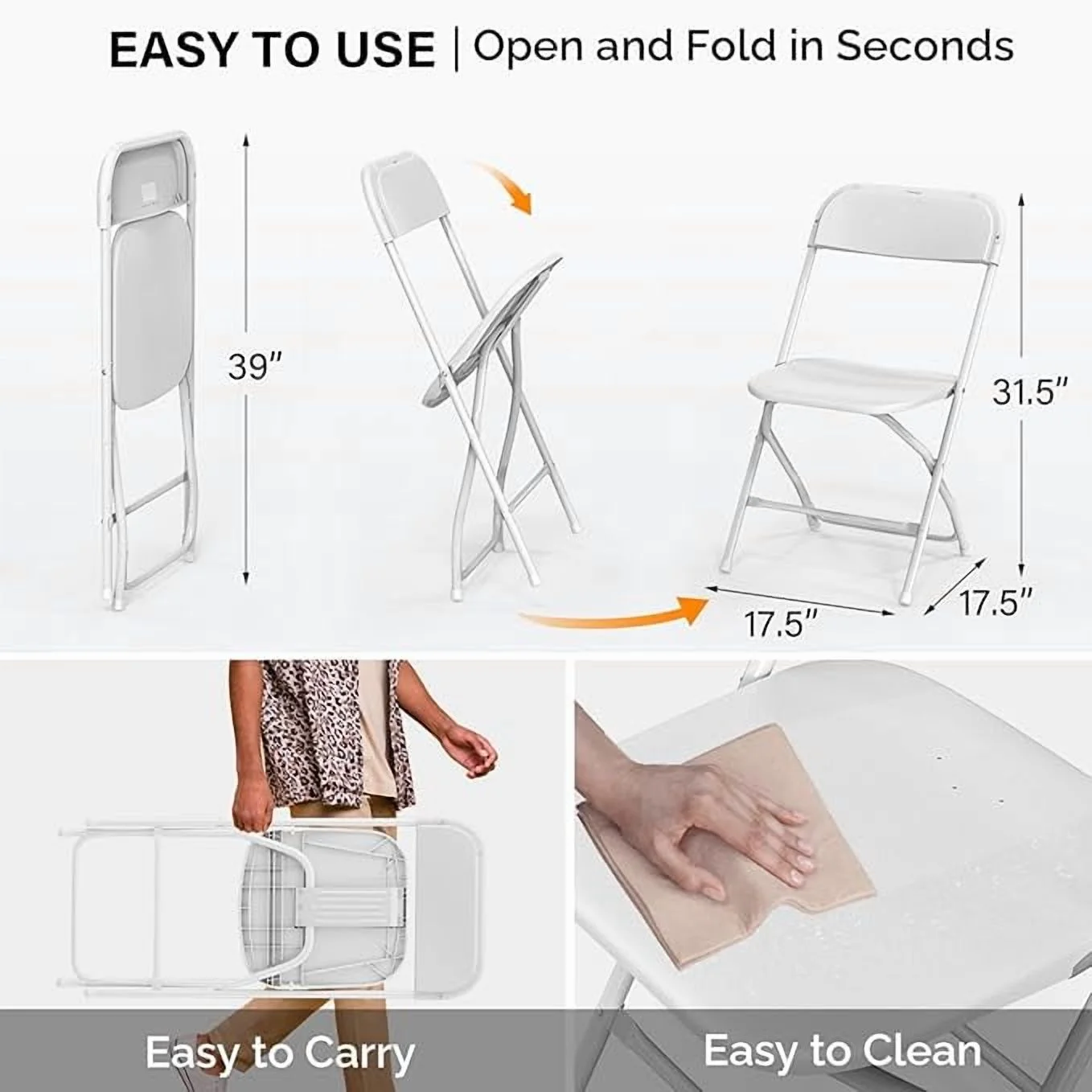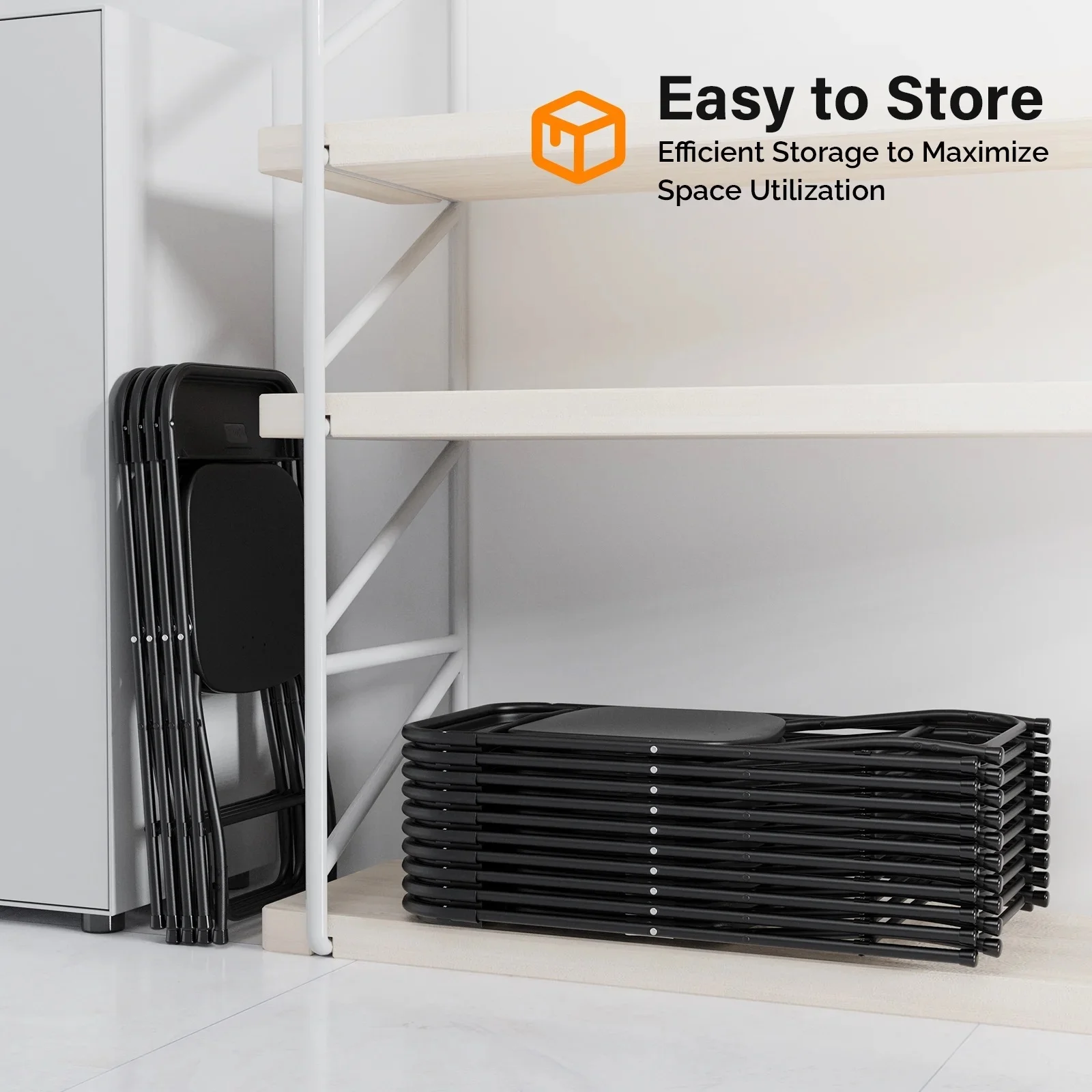 - Super Space-Efficient Design: They fold completely flat in a breeze and lock securely, allowing for easy, compact stacking. Storing them is a cinch in closets, garages, or venues—even with 20 chairs, they will not take up too much room.
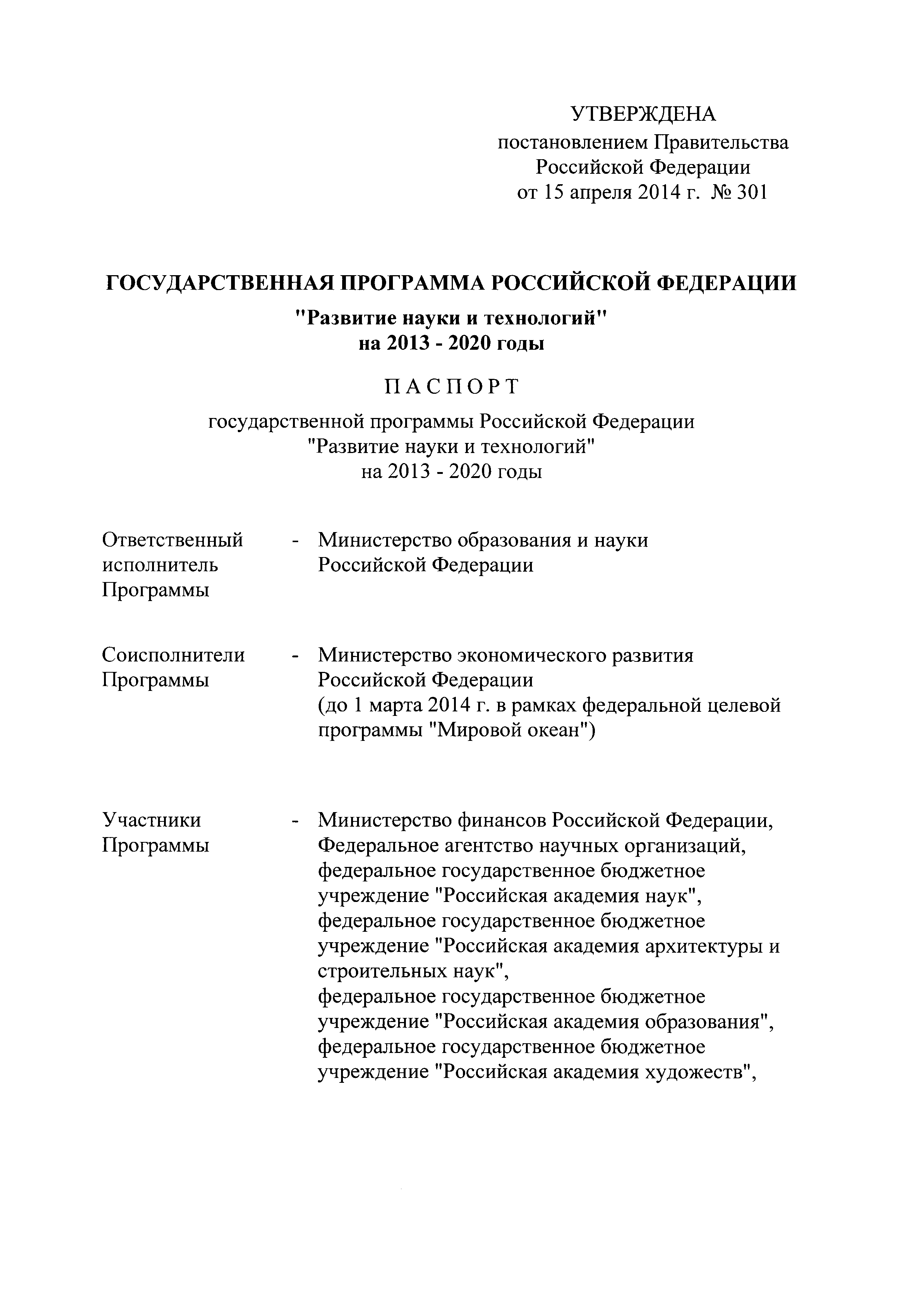 | Утверждён: | 15.04.2014 Правительство Российской Федерации (301) |
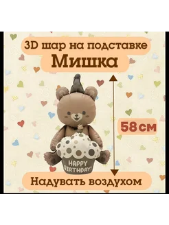 Шар фольгированный "Мишка с капкейком" бежевый, 58 см
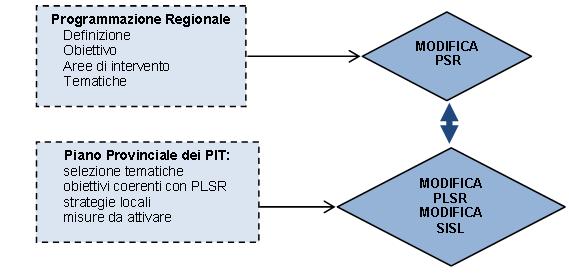 Nella proposta, la fase di programmazione si articola in un momento regionale ed in un momento locale attraverso cui si precisa un Pit, se ne identificano gli obiettivi (in coerenza con gli obiettivi del Psr), le tematiche (agricoltura sociale, biodiversità, sistemazioni territoriali, risparmio ambientale), le risorse (dotazioni finanziarie all’interno del Psr) e le misure da attivare. Il momento regionale interagisce in un processo bidirezionale con la programmazione locale che definisce un Piano provinciale dei Pit (Figura 2).
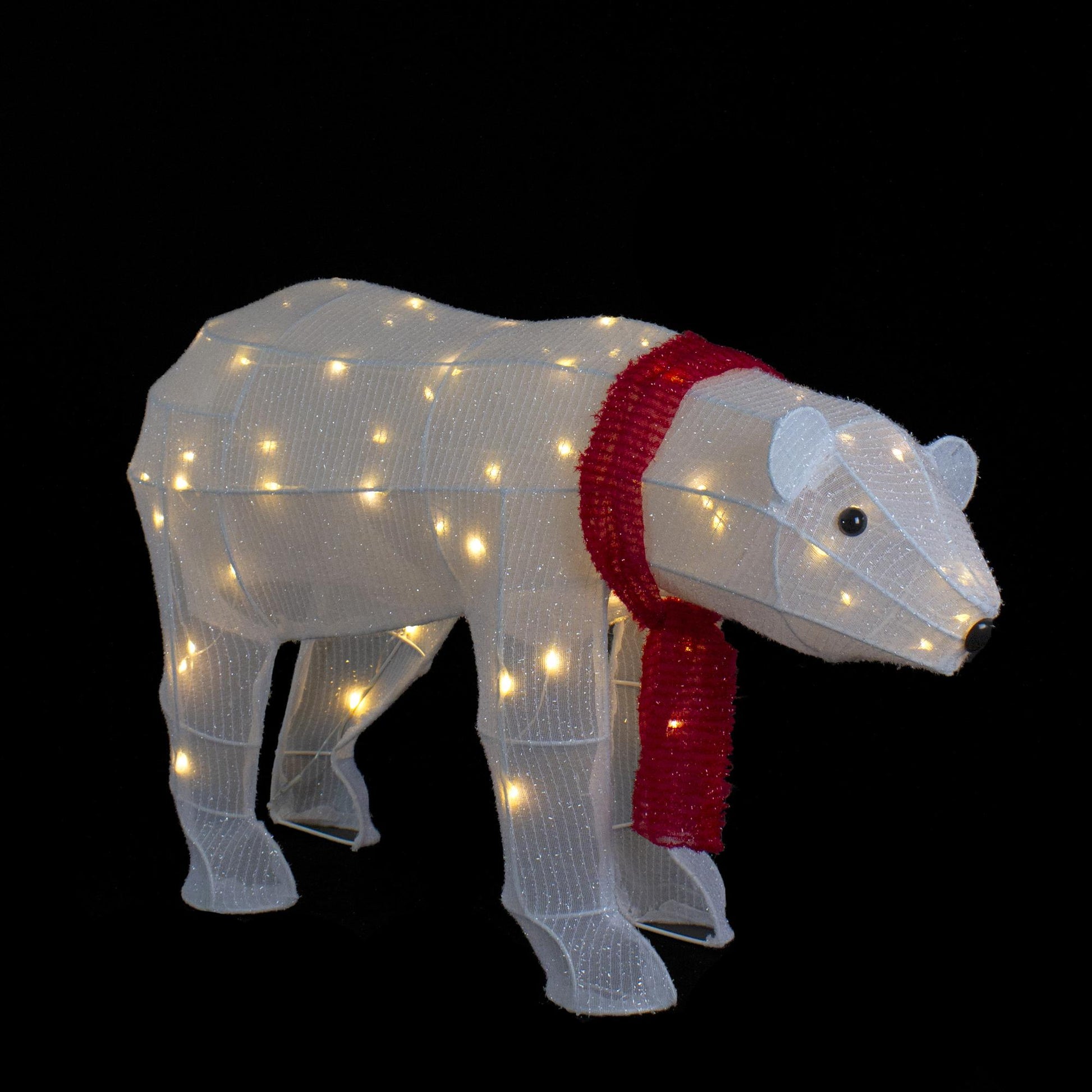 32" LED Lighted Tinsel Polar Bear Outdoor Christmas Decoration

What you have to do: From the data above, return exactly the lines from the one with "Федерации (301) |" up to and including the one with "бежевый, 58 см". Pictures do not go in the copy.

Completed task:
 | Утверждён: | 15.04.2014 Правительство Российской Федерации (301) |
 Шар фольгированный "Мишка с капкейком" бежевый, 58 см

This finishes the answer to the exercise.